Maybe the 8086 architects did simply want to expose the address-calculation hardware for arbitrary uses because they could do it without using a lot of extra transistors. The decoder already has to be able to decode addressing modes, and other parts of the CPU have to be able to do address calculations. Putting the result in a register instead of using it with a segment-register value for memory access doesn't take many extra transistors. Ross Ridge confirms that LEA on original 8086 reuses the CPUs effective-address decoding and calculation hardware.
Note that most modern CPUs run LEA on the same ALUs as normal add and shift instructions. They have dedicated AGUs (address-generation units), but only use them for actual memory operands. In-order Atom is one exception; LEA runs earlier in the pipeline than the ALUs: inputs have to be ready sooner, but outputs are also ready sooner. Out-of-order execution CPUs (all modern x86) don't want LEA to interfere with actual loads/stores so they run it on an ALU.
lea has good latency and throughput, but not as good throughput as add or mov r32, imm32 on most CPUs, so only use lea when you can save an instructions with it instead of add. (See Agner Fog's x86 microarch guide and asm optimization manual and https://uops.info/)
Ice Lake improved on that for Intel, now able to run LEA on all four ALU ports.
Rules for which kinds of LEA are "complex", running on fewer of the ports that can handle it, vary by microarchitecture. e.g. 3-component (two + operations) is the slower case on SnB-family, having a scaled index is the lower-throughput case on Ice Lake. Alder Lake E-cores (Gracemont) are 4/clock, but 1/clock when there's an index at all, and 2-cycle latency when there's an index and displacement (whether or not there's a base reg). Zen is slower when there's a scaled index or 3 components. (2c latency and 2/clock down from 1c and 4/clock).
The internal implementation is irrelevant, but it's a safe bet that decoding the operands to LEA shares transistors with decoding addressing modes for any other instruction. (So there is hardware reuse / sharing even on modern CPUs that don't execute lea on an AGU.) Any other way of exposing a multi-input shift-and-add instruction would have taken a special encoding for the operands.

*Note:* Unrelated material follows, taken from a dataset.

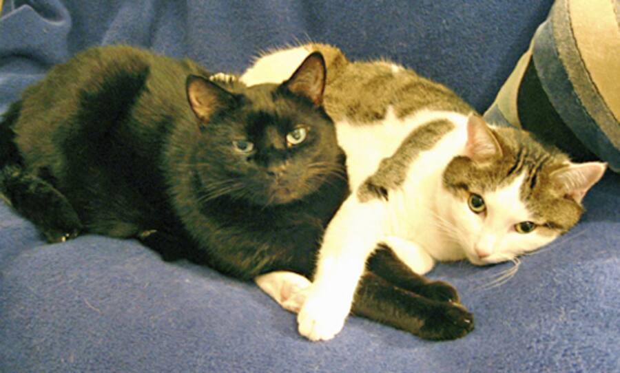 Meine beiden ersten Kater Sahib und Omar waren einst wie Brüder und Zeit ihres Lebens unzertrennlich. Nun sind sie beide tot – und es würde mich nicht wundern, wenn sie wie die beiden Opas Waldorf und Statler aus der Muppet-Show gerade im Katzenhimmel kichernd zusammen auf einem Wölkchen sitzen. Eins haben sie mir jedenfalls bewiesen: Katzen haben Humor. Schwarzen Humor.

So 386 got a shift-and-add ALU instruction for "free" when it extended the addressing modes to include scaled-index, and being able to use any register in an addressing mode made LEA much easier to use for non-pointers, too.
x86-64 got cheap access to the program counter (instead of needing to read what call pushed) "for free" via LEA because it added the RIP-relative addressing mode, making access to static data significantly cheaper in x86-64 position-independent code than in 32-bit PIC. (RIP-relative does need special support in the ALUs that handle LEA, as well as the separate AGUs that handle actual load/store addresses. But no new instruction was needed.)
It's just as good for arbitrary arithmetic as for pointers, so it's a mistake to think of it as being intended for pointers these days. It's not an "abuse" or "trick" to use it for non-pointers, because everything's an integer in assembly language. It has lower throughput than add, but it's cheap enough to use almost all the time when it saves even one instruction. But it can save up to three instructions:
;; Intel syntax.
lea eax, [rdi + rsi*4 - 8] ; 3 cycle latency on Intel SnB-family
; 2-component LEA is only 1c latency
;;; without LEA:
mov eax, esi ; maybe 0 cycle latency, otherwise 1
shl eax, 2 ; 1 cycle latency
add eax, edi ; 1 cycle latency
sub eax, 8 ; 1 cycle latency
On some AMD CPUs, even a complex LEA is only 2 cycle latency, but the 4-instruction sequence would be 4 cycle latency from esi being ready to the final eax being ready. Either way, this saves 3 uops for the front-end to decode and issue, and that take up space in the reorder buffer all the way until retirement.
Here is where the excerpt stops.